Probability Density Function

The probability density function $f_X(x)$ (or $f(x)$) is defined as:

  • $\int_{-\infty}^{+\infty} f_X(x)dx = 1$ (we can reduce the interval if we have constraints)
  • $\forall{x},\ f_X(x) \ge 0$
  • $f_X$ is continuous

We can use it to compute probabilities:

\[ \begin{split} \mathbb{P}(x \in X) = \int_{x \in \Delta X}^{} f_X(x)dx \\ or\ \mathbb{P}(a \le X \le b) = \int_{a}^{b} f_X(x)dx \\ or\ \mathbb{P}(x \le a) = \mathbb{P}(x \lt a) = \int_{a}^{+\infty} f_X(x)dx \\ or\ \mathbb{P}(x \ge b) = \mathbb{P}(x \gt b) = \int_{-\infty}^{b} f_X(x)dx \\ or\ \mathbb{P}(X \ge a) = 1 - \mathbb{P}(X \le a) \end{split} \]

📚 The support of X $\bigtriangleup_X$ or $X(\Omega)$ is the domain of the density function.

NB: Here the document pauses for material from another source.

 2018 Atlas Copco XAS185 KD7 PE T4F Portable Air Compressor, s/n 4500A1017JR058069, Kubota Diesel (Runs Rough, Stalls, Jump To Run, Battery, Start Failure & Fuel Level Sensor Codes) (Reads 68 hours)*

It means a probability outside of the support is $0$.

Continuous Cumulative distribution function

The cumulative distribution function (CDF) $F_X(k)$ is the primitive of the density function, meaning that deriving the CDF will give you the density function. $F_X(k)$ is the probability of $\mathbb{P}(X \le k)$.

  • $0 \le F_X(x) \le 1$
  • F is increasing and continue
  • $\mathbb{P}(a \le X \le b) = F_X(b) - F_X(a) = \int_{a}^{b} f_X(x)dx$

Continuous Inverse cumulative distribution function

The Inverse cumulative distribution function or Quantile function is used when given the result $\alpha$, we are trying to find $k$.

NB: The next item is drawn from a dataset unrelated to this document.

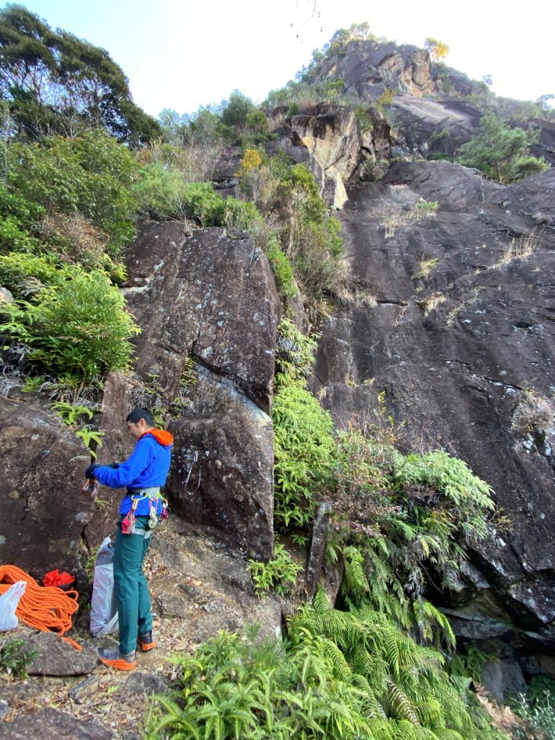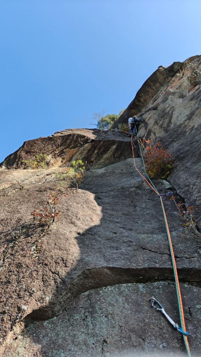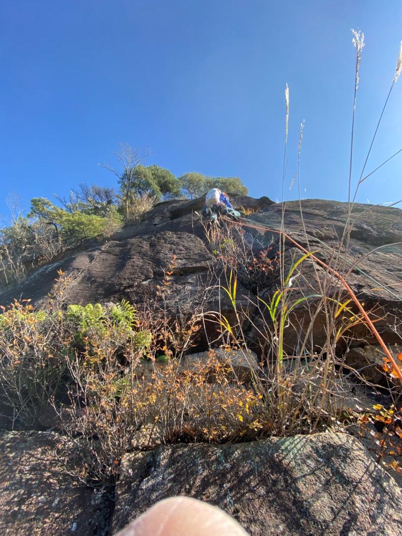 終了点は、ブッシュまで入り込んで立ち木にした方が次のピッチが登りやすいです。
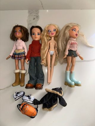 Lote de muñecas Bratz con varios accesorios. - Incluye 4 muñecas. - Ropa y calzado variado. - Mochila naranja. - Chaqueta vaquera con borreguito. - Defectos visibles en fotos.

@ \alpha = \mathbb{P}(X \le k) @

It's written $F_X^{-1}(\alpha)$ or $Q_\alpha$.

Continuous Transformations

If we can express $Y$ as $Y=aX+b$, we can find $F_Y(x)$ from $F_X(x)$.

@ F_Y(y) = F_X(\frac{y-b}{a}) @

With an increasing monotone function, we can use the formula $Y = \varphi(X)$. For example, $Y = \exp(X)$ and $\varphi^{-1}(y) = ln(y)$.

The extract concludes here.